Need help with simple system of differential equations thanks to your help I advanced in computing differential equations, but now I encountered another problem I need help with - this time it is a system of differential equations:
$$x_1'=-x_2$$ 
  $$x_2'=x_1$$
I know that the answer should contain trigonometric functions, (sine and cosine) but I have no idea how to start. I tried to divide first equation/second equation and I got something like:
$$\frac{x_1'}{x_2'}=-\frac{x2}{x1}$$
Then I rewrited x1' as $$\frac{dx1}{dt}$$ and did the same with x2. I got rid of dt this way and got a:
$$x_1dx_1=-x_2dx_2$$
Which lead me to result:
$$x_1=\sqrt(const-x_1^2)$$
After inserting x1 to the $$x_2'=x_1$$ equation I got some results, but neither of them contains sine or cosine.

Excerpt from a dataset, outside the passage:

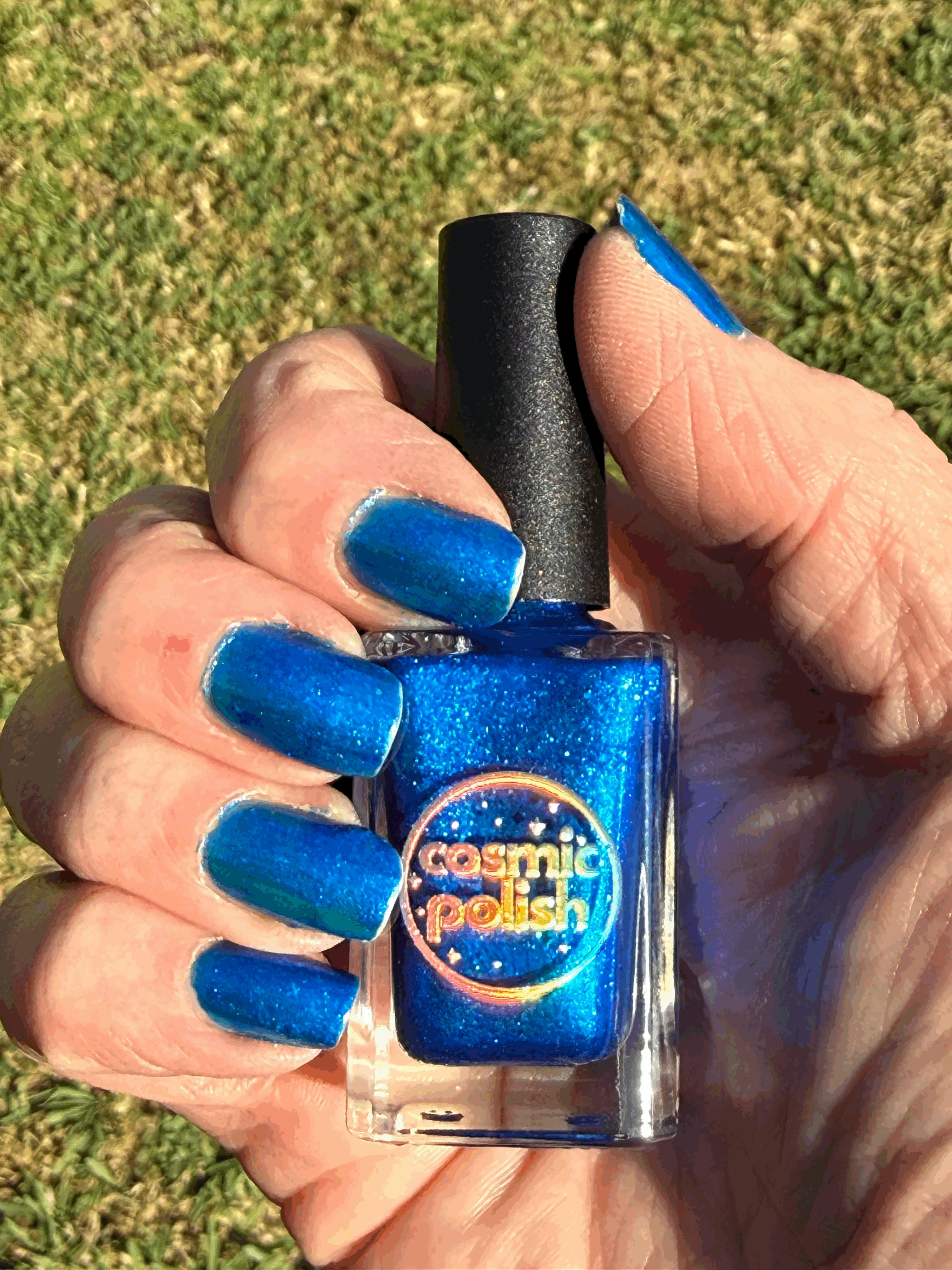 I totally agree with all of the other reviews. This is insane, so bright and glowy for a cobalt blue. It is rich and vibrant and looks absolutely stunning. Thank you so much for this creation Cosmic Polish! Love it! 💙

Could you point me what am I doing wrong?
 A: One approach (other than just guessing) is to note that
\begin{align*}
x_1'' &= -x_2' \\
&= -x_1,
\end{align*}
so $x_1$ satisfies the ODE
\begin{equation}
x_1'' + x_1 = 0.
\end{equation}
This can be solved using standard methods for linear second order ODEs with constant coefficients.
Another approach, using linear algebra, is to work directly with the first order system
\begin{equation}
x'(t) = 
\underbrace{\begin{bmatrix} 0 & -1 \\1 & 0 \end{bmatrix}}_{A}
x(t). \quad (\spadesuit)
\end{equation}
The eigenvalues of the coefficient matrix $A$ are $\lambda_1 = i, \lambda_2 = -i$.

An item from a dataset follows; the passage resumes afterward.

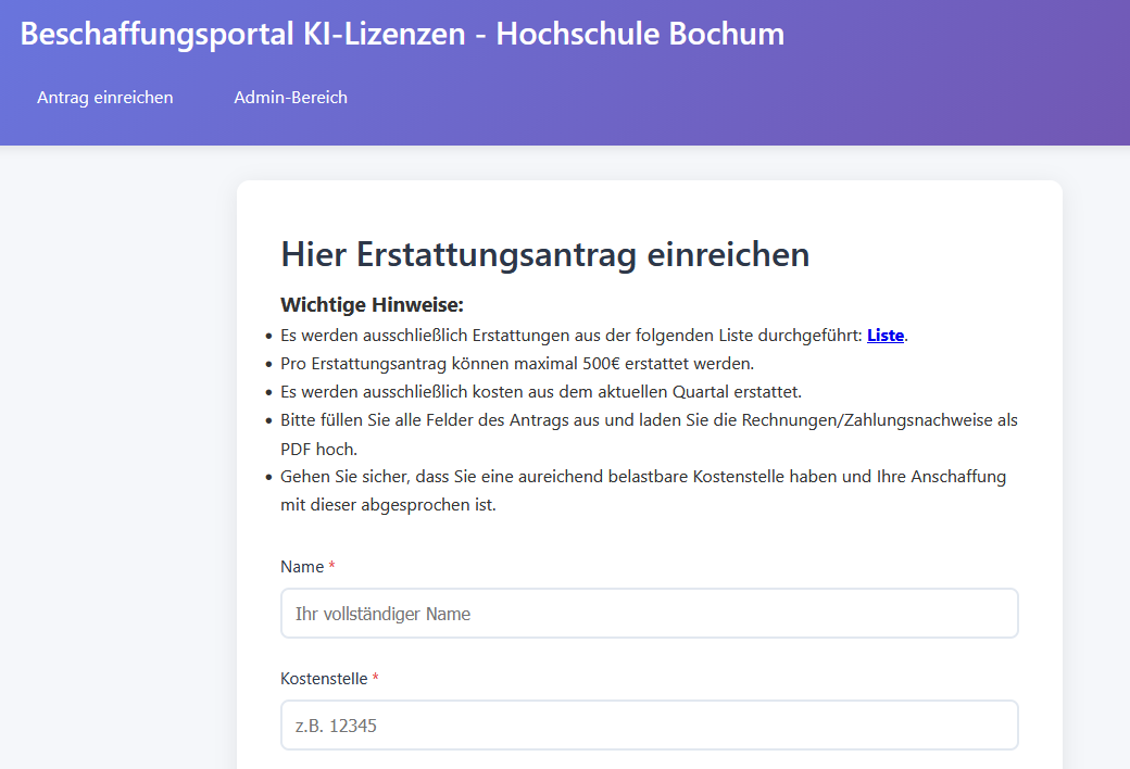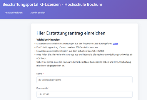 Da aktuell kein zentrales Budget für KI-Lizenzen vorgesehen ist, werden die Kosten zunächst von den Mitarbeitenden selbst übernommen. Eine nachträgliche Erstattung ist anschließend über das Beschaffungsportal „KI-Lizenzen“ möglich.

Finding corresponding eigenvectors $v_1$ and $v_2$ will yield the solutions
\begin{align}
u_1(t) &= e^{\lambda_1 t} v_1, \\
u_2(t) &= e^{\lambda_2 t} v_2.
\end{align}
Every solution to ($\spadesuit$) is a linear combination of $u_1$ and $u_2$:
\begin{equation}
x(t) = c_1 u_1(t) + c_2 u_2(t).
\end{equation}
A: I got this,
y' = -x and x' = y
y = x' so y' = x''
x'' = -x
x = cos(t) ; is one solution, x=Acos(t+k) represents solution set 
but ACos(t+k) = A(ei(t+k) + e-i(t+k))/2
which = 0.5*Aekeit+0.5*Ae-ke-it 
which is the same form as littleO's solution